'Seen everything you want?'
The man strode ahead of her into the cobbled tunnel, then, as she entered, he turned to her and the light fell on his face. Elaine dropped her skirt and shrieked with a terror she had never known before. The man who stood before her was unmistakably Charley Wag.
The girl turned to run, but her limbs seemed deadened by shock. Then the Wag was upon her. He held her by the shoulders and shook her till her teeth rattled.

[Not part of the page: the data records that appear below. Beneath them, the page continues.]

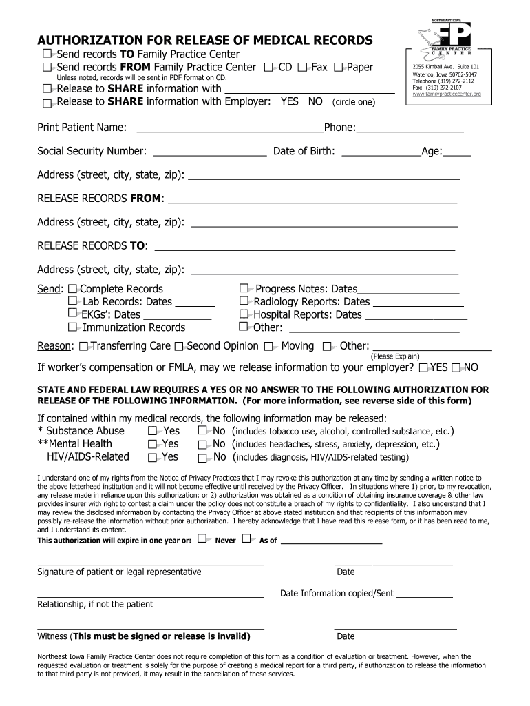 AUTHORIZATION FOR RELEASE OF MEDICAL RECORDS Send records TO Family Practice Center Send records FROM Family Practice Center CD Unless noted, records will be sent in PDF format on CD. Fax Paper Release
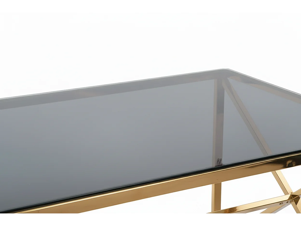 Table à Manger Design Verre Trempé Transparent & Doré – 150×90 cm
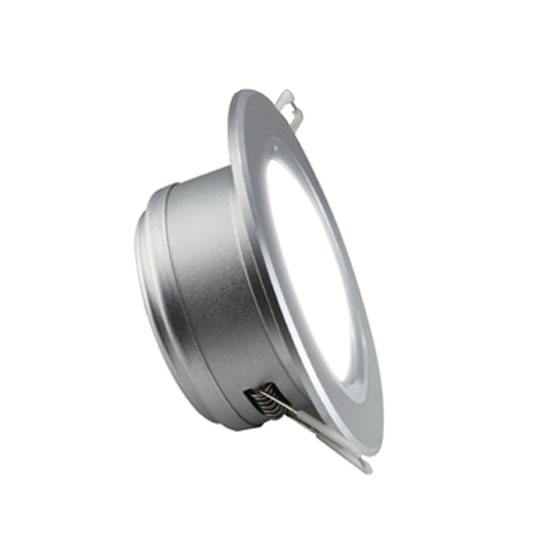 This is an LED downlight with a silvery housing. It is equipped with a well-designed heat sink to ensure excellent thermal dissipation. The LED light source lowers energy costs and has a long lifespan.

'Bitch!' he said savagely, striking her across the mouth. 'That for a cheating slut! That for a police-office whore! And that for good measure!'
Elaine staggered under the blows, falling in terror against the slime of the tunnel wall and slithering to a squat, gibbering with undiluted horror. It was Charley Wag in every detail, she knew that, risen from the grave to take his vengeance. He had drawn a cord from his pocket and was holding it taut between his two fists. In her paralysis of fear, the girl made no move to defend herself as the noose lay slack round her throat. She saw the Wag's features contort with rage, his hands seizing the cord. And then, as she fought for breath, there was a distant sound of footsteps. The air came freely and she was alone, vomiting with fright on the cobbles. One or two passers-by looked at her and saw a drunken slut, bedraggled and sick. Elaine stared wildly about, pulled herself together and then, still weeping with fright, began to run. She had no idea in which direction she was going. Her only desire was to run and run as far from Shoreditch, Charley Wag and London as her legs would carry her.
10
Marching side by side, their stout boots measuring the cobbled carriageway in equal strides, Verity and Samson entered the spacious piazza before London Bridge Station as the summer dusk began to gather. The first lights were showing in the bow-fronted little shops under the station colonnade and as the cabs waited outside, drivers nodding on their boxes, hats and whips askew, the warm tawny glow of the carriage-lamps glimmered like the riding-lights of distant ships.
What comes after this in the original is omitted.